The largest portion of the Mason–Dixon line, along the southern Pennsylvania border, later became informally known as the boundary between the Southern slave states and Northern free states. This usage came to prominence during the debate around the Missouri Compromise of 1820, when drawing boundaries between slave and free territory was an issue, and resurfaced during the American Civil War, with border states also coming into play. The Confederate States of America claimed the Virginia portion of the line as part of its northern border, although it never exercised meaningful control that far northespecially after West Virginia separated from Virginia and joined the Union as a separate state in 1863. It is still used today in the figurative sense of a line that separates the Northeast and South culturally, politically, and socially (see Dixie).

Background

Maryland's charter of 1632 granted Cecil Calvert land north of the entire length of the Potomac River up to the 40th parallel. A problem arose when Charles II granted a charter for Pennsylvania in 1681. The grant defined Pennsylvania's southern border as identical to Maryland's northern border, but described it differently, as Charles relied on an inaccurate map. The terms of the grant clearly indicate that Charles II and William Penn believed the 40th parallel would intersect the Twelve-Mile Circle around New Castle, Delaware, when in fact it falls north of the original boundaries of the City of Philadelphia, the site of which Penn had already selected for his colony's capital city. Negotiations ensued after the problem was discovered in 1681. A compromise proposed by Charles II in 1682, which might have resolved the issue, was undermined by Penn receiving the additional grant of the "Three Lower Counties" along Delaware Bay, which later became the Delaware Colony, a satellite of Pennsylvania. Maryland considered these lands part of its original grant.

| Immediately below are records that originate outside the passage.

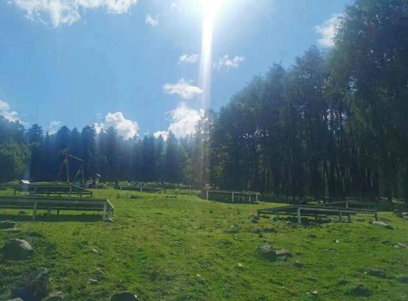 茂密的杉林和青青的草甸间骏马牛羊在悠闲地吃草,弥漫着的浪漫气息,让人不由地驻足停留,想把这个画面装进相机里。
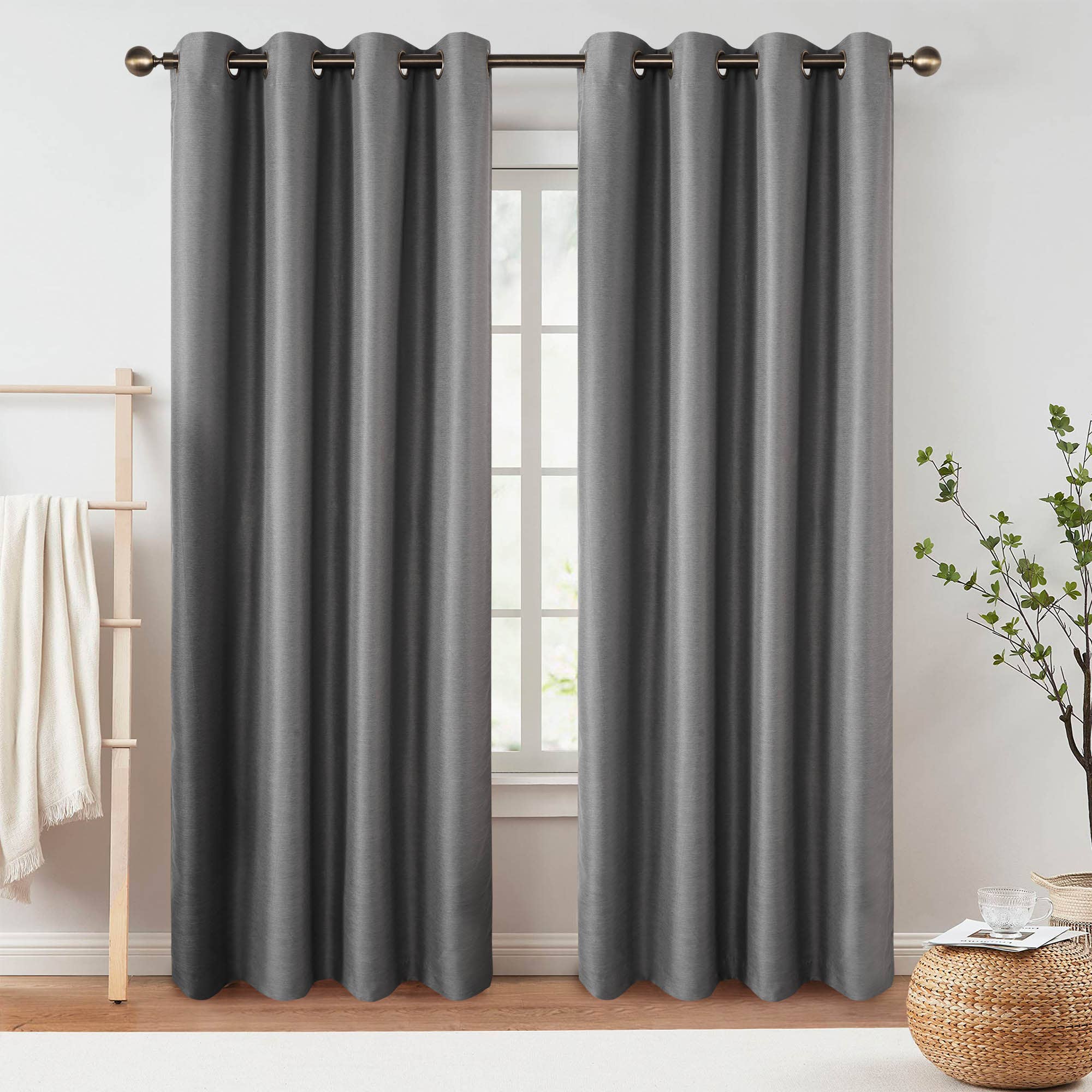 Wir präsentieren unser exquisites Verdunkelungsvorhang-Set mit Ösen, das entwickelt wurde, um Ihrer Inneneinrichtung Eleganz und Funktionalität zu verleihen. Obwohl aus Polyester gefertigt, imitiert der Stoff das luxuriöse Aussehen von zweifarbigem Leinen und bietet die perfekte Mischung aus Stil und Praktikabilität. Mit einem energiesparenden Verdunkelungsfutter sind diese Vorhänge ideal für Schlafzimmer, Kinderzimmer oder jeden Raum, in dem Sie Lärmminderung, Privatsphäre und Dunkelheit benötigen. Genießen Sie erholsamen Schlaf und Entspannung ohne unerwünschtes Licht. Die ölgeriebenen Bronzeösen verleihen Wärme und Eleganz und ergänzen verschiedene Einrichtungsstile, von modern über traditionell bis hin zu eklektisch.
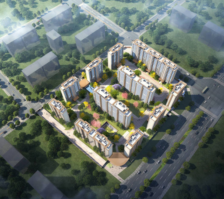 采用围合式三中庭布局,楼间距 45-118 米。园林以 “水” 为灵感,打造了下沉秘境水苑、中央水庭等景观,还甄选多样植栽,营造出艺术栖居氛围。
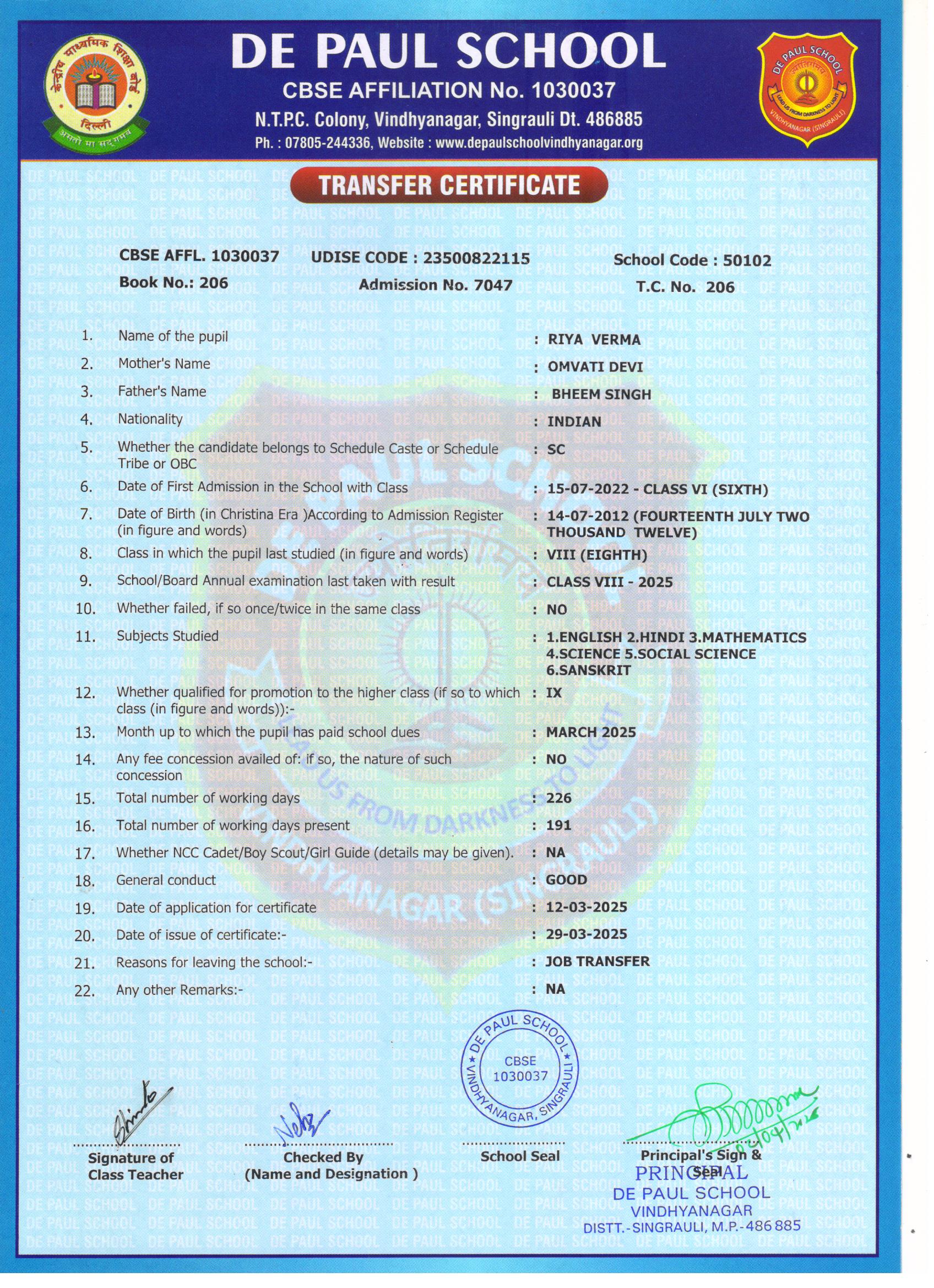 Transfer Certificate of VANSHIKA GURJAR 6959.jpeg

The conflict became more of an issue when settlement extended into the interior of the colonies. In 1732 the Proprietary Governor of Maryland, Charles Calvert, 5th Baron Baltimore, signed a provisional agreement with William Penn's sons, which drew a line somewhere in between and renounced the Calvert claim to Delaware. But later, Lord Baltimore claimed that the document he had signed did not contain the terms he had agreed to, and refused to put the agreement into effect. Beginning in the mid-1730s, violence erupted between settlers claiming various loyalties to Maryland and Pennsylvania. The border conflict would be known as Cresap's War.

Progress was made after a Court of Chancery ruling affirming the 1732 agreement, but the issue remained unresolved until Frederick Calvert, 6th Baron Baltimore ceased contesting the claims on the Maryland side and accepted the earlier agreements. Maryland's border with Delaware was to be based on the Transpeninsular Line and the Twelve-Mile Circle around New Castle. The Pennsylvania–Maryland border was defined as the line of latitude  south of the southernmost house in Philadelphia (on what is today South Street). As part of the settlement, the Penns and Calverts commissioned the English team of Charles Mason and Jeremiah Dixon to survey the newly established boundaries between the Province of Pennsylvania, the Province of Maryland, and Delaware Colony.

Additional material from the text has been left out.